Even though the security team had detected the phishing attack and determined it was coming from somewhere inside FirstBank's system, they couldn't pinpoint where. Smith chalked this up to the fact that the red team was operating from an IoT device using a zero-day vulnerability; these exploits, he repeated, are "very hard to detect."
So, the blue team recommended activating FirstBank's incident response retainer — a team of outside cybersecurity experts who come in to clean up after a cybersecurity attack. Smith said he was proud of his blue team and that the moment was a win for them. "They knew they were out of their element," Smith said.
He denied the request to activate the incident response team, as he didn't want to spend money having them respond to an exercise. So he told his team that the people behind the IoT device attack were members of a red team and challenged them to do their best responding themselves.
At that point, the red team went silent, to try to avoid detection, all the time maintaining the access they had gained — and that Smith allowed them to keep. After months of lying dormant, they planned an attack using knowledge of FirstBank's Active Directory system, which is a service that authenticates and authorizes users in enterprise Windows systems.
The attack worked. Smith spared the details, but at a basic level, the red team forced a password reset on one user; that user had control over the account of a second user with domain administrator privileges; and "within 15 minutes," the red team gained full control over the system. At least, hypothetically; the red team didn't exercise this control because they were hired by Smith for the exercise.
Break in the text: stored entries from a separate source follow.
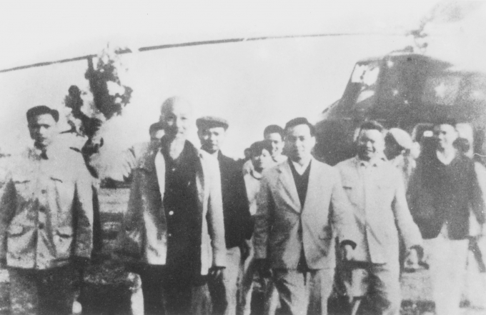 | Bác Hồ đến thăm cán bộ chiến sĩ Tiểu đoàn 5, Trung đoàn 57 tại Sầm Sơn làm nhiệm vụ bảo vệ vùng biển Tổ quốc. (Ảnh tư liệu). |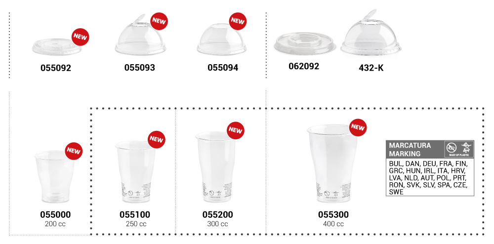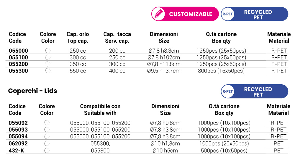 Realizzati in R-PET per ridurre l'impatto ambientale senza rinunciare alla trasparenza, si distinguono per la forma moderna ed ergonomica con un diametro più stretto alla base che si allarga verso l’alto.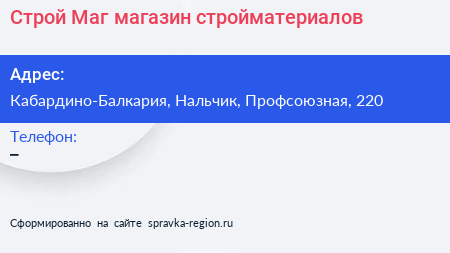 Строй Маг, магазин стройматериалов по адресу Кабардино-Балкария, Нальчик, Профсоюзная, 220 в дальнейшем Организация, размещена в следующих категориях:

Smith said that, even though the blue team eventually lost to the red team in the end, the failure provided innumerable lessons that were valuable to the institution as a whole, which he shared with the session attendees. For starters, the users who fell for the phishing attacks and password reset attacks would be far less likely to make those same mistakes again, he said.
But the broader takeaway, he said, was how valuable this kind of long-term red team exercise can be. Many times, banks and other firms enter into two-week contracts with red teams to save time and money while trying to learn where their vulnerabilities are. But in Smith's case, it took years for the red team to compromise just the outer perimeter of FirstBank's computer systems.
Continuous red team exercises also emulate attackers more realistically, Smith said.
"Attackers aren't on two-week contracts," he said in his presentation. They can — as the red team did — go inactive for months on end once they gain initial access to avoid detection.
Ultimately, continuous red team exercises make the prospect of a cyberattack against a bank much more real for the people defending it, Smith said. Cyberattacks become more than something that just happens in the news; they become something that can actually happen to the bank.
"It just changes the way people think," he said. "Nobody can say, 'It's happened in the news to other companies, but it couldn't happen here.' It will happen here, because we're paying someone to do it 24/7."